▶ Problem requirements: Repeat exactly the lines that run from the start of the records below to the line with "Roligt sällskapsspel från", including both of those lines but not the pictures.

[Record set Boundary: Start]

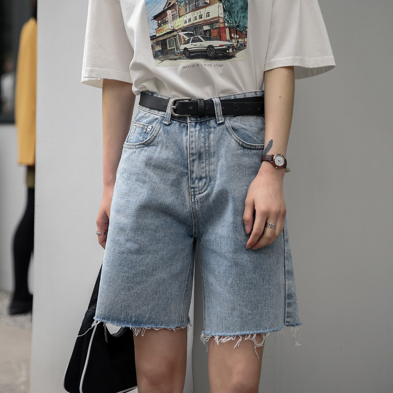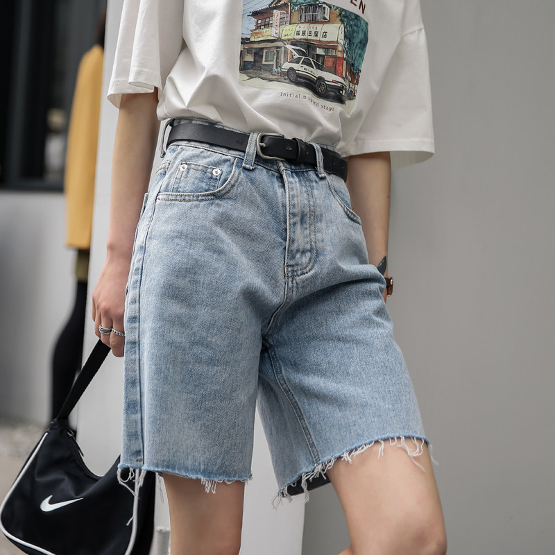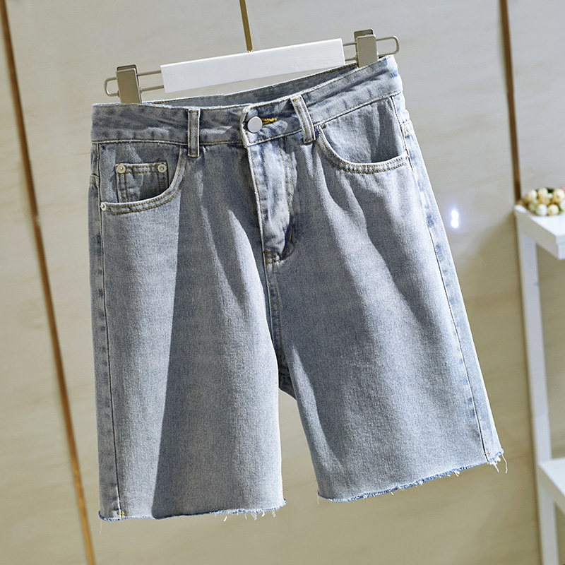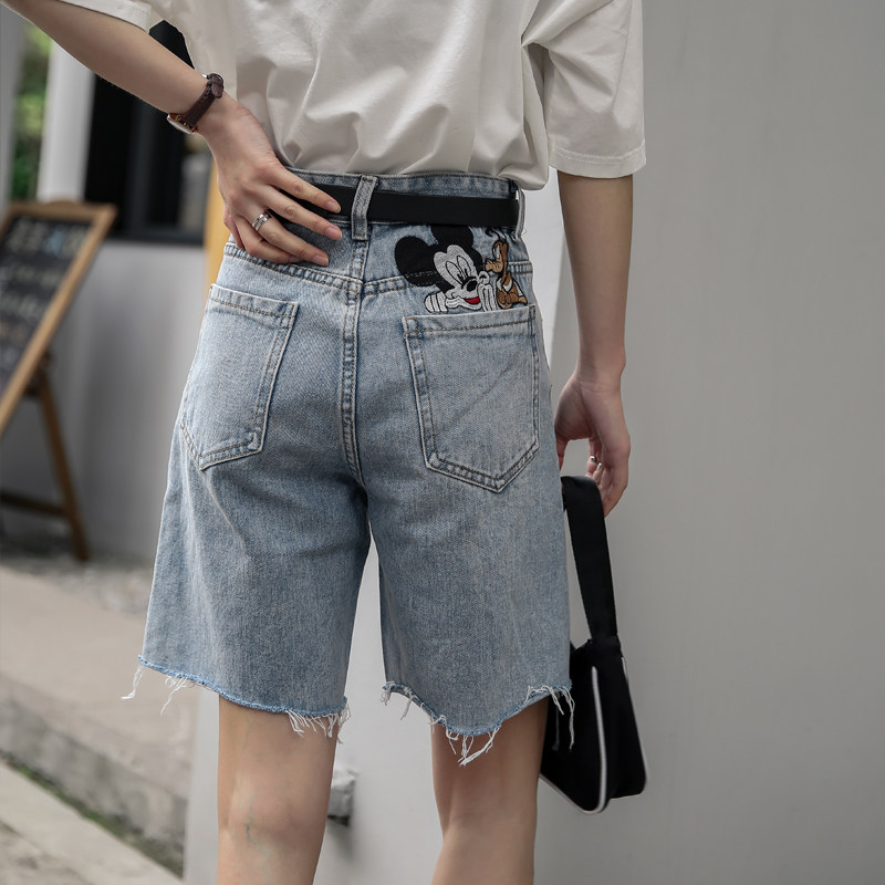 Denim shorts women's 2022 summer new straight pants riding pants Mickey embroidery high waist loose five-point pants
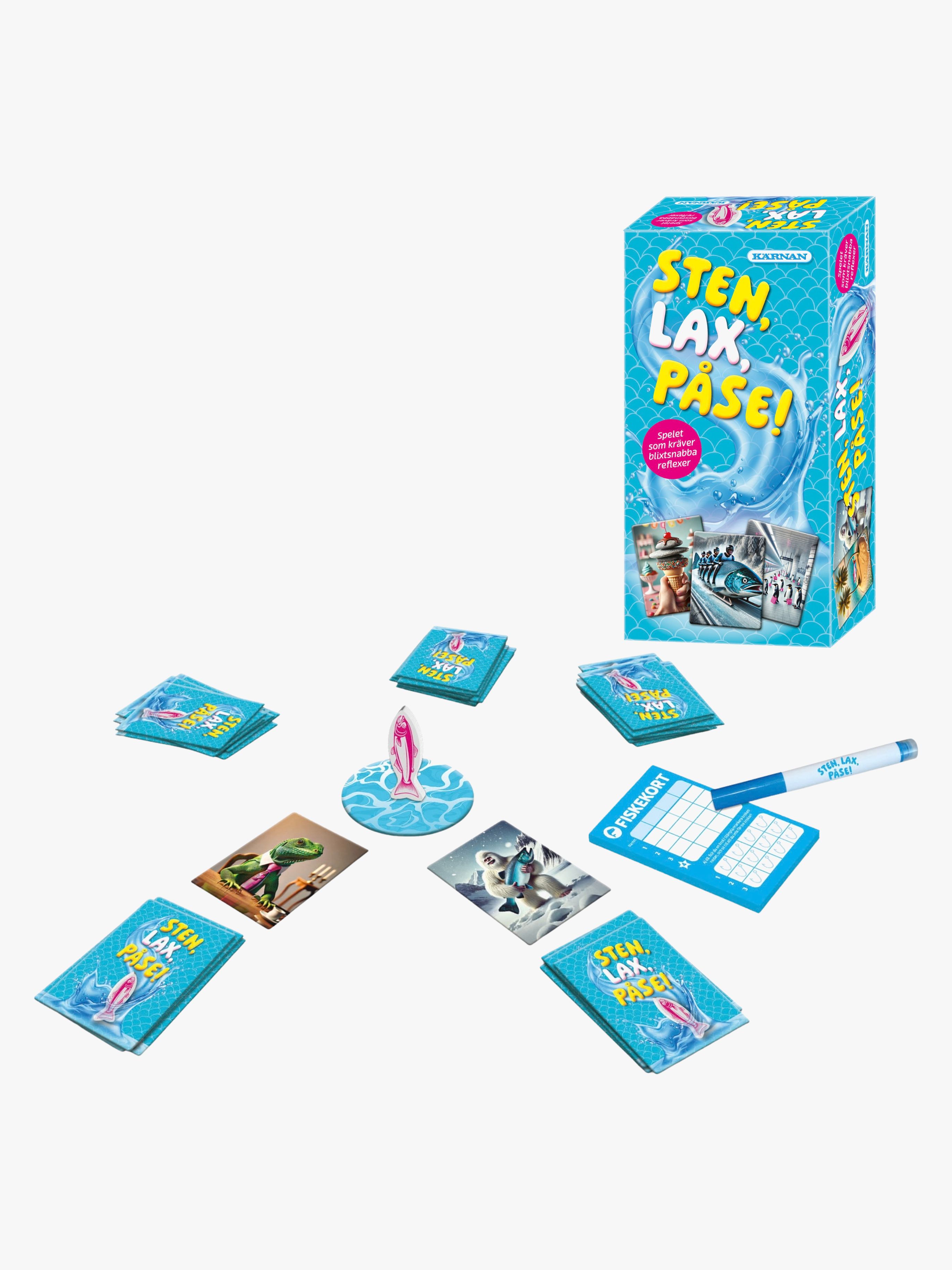 Roligt sällskapsspel från Egmont Kärnan för hela familjen. Sten, lax, påse är ett partyspel för alla som älskar snabba ryck. Först att ta laxen i mitten till rätt kort och med rätt hand, belånas med en laxstämpel. - Från 2-4 spelare. - Rekommenderad ålder: Från 8 år.
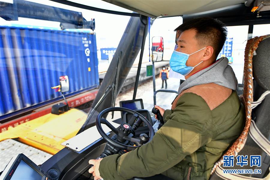 山西中鼎物流园的工作人员驾驶集装箱正面起重机往X9235次中亚班列上装运集装箱(2月26日摄)。新华社记者 曹阳 摄
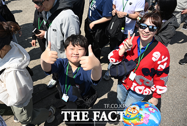 [더팩트|하남=박헌우 기자] 상상인 그룹 '2025 피크닉데이 가족, 동료와 함께 걷기' 행사가 26일 오전 경기 하남시 미사경정공원에서 열린 가운데 임직원과 가족들이 양손 엄지를 치켜세우고 있다.
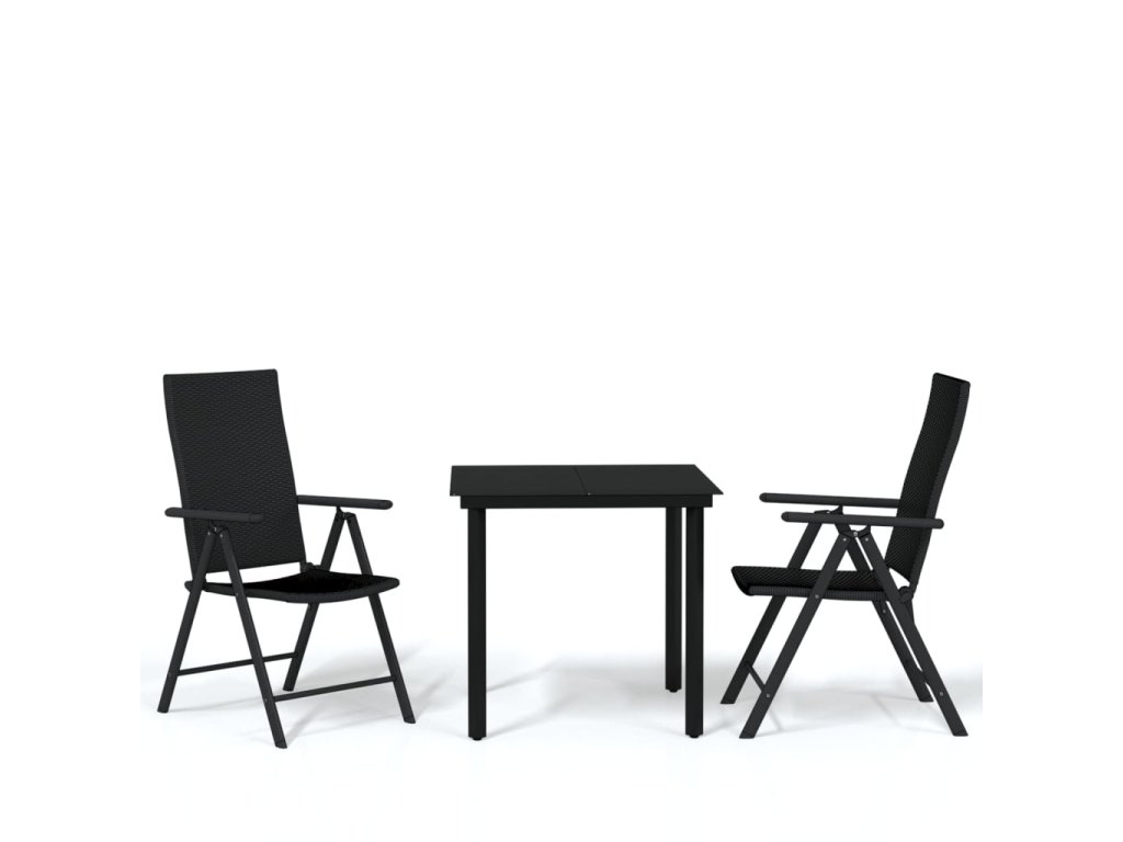 Zahradní jídelní stůl má práškově lakovaný ocelový rám, takže je robustní a stabilní a ideální pro venkovní použití. Hladká skleněná deska stolu se snadno čistí vlhkým hadříkem a skvěle vám poslouží k podávání jídla a pití nebo k vystavení různých dekorativních předmětů. Židle jsou vyrobené z PE ratanu, jsou proto lehké a voděodolné. Jejich opěradla lze navíc naklonit do 7 různých poloh, abyste si mohli vždy najít ten nejpohodlnější způsob sezení. Pokud židle zrovna nepoužíváte, můžete je složit, a ušetřit tak místo.

[Record set Boundary: End]

▶ Expected output:
 Denim shorts women's 2022 summer new straight pants riding pants Mickey embroidery high waist loose five-point pants
 Roligt sällskapsspel från Egmont Kärnan för hela familjen. Sten, lax, påse är ett partyspel för alla som älskar snabba ryck. Först att ta laxen i mitten till rätt kort och med rätt hand, belånas med en laxstämpel. - Från 2-4 spelare. - Rekommenderad ålder: Från 8 år.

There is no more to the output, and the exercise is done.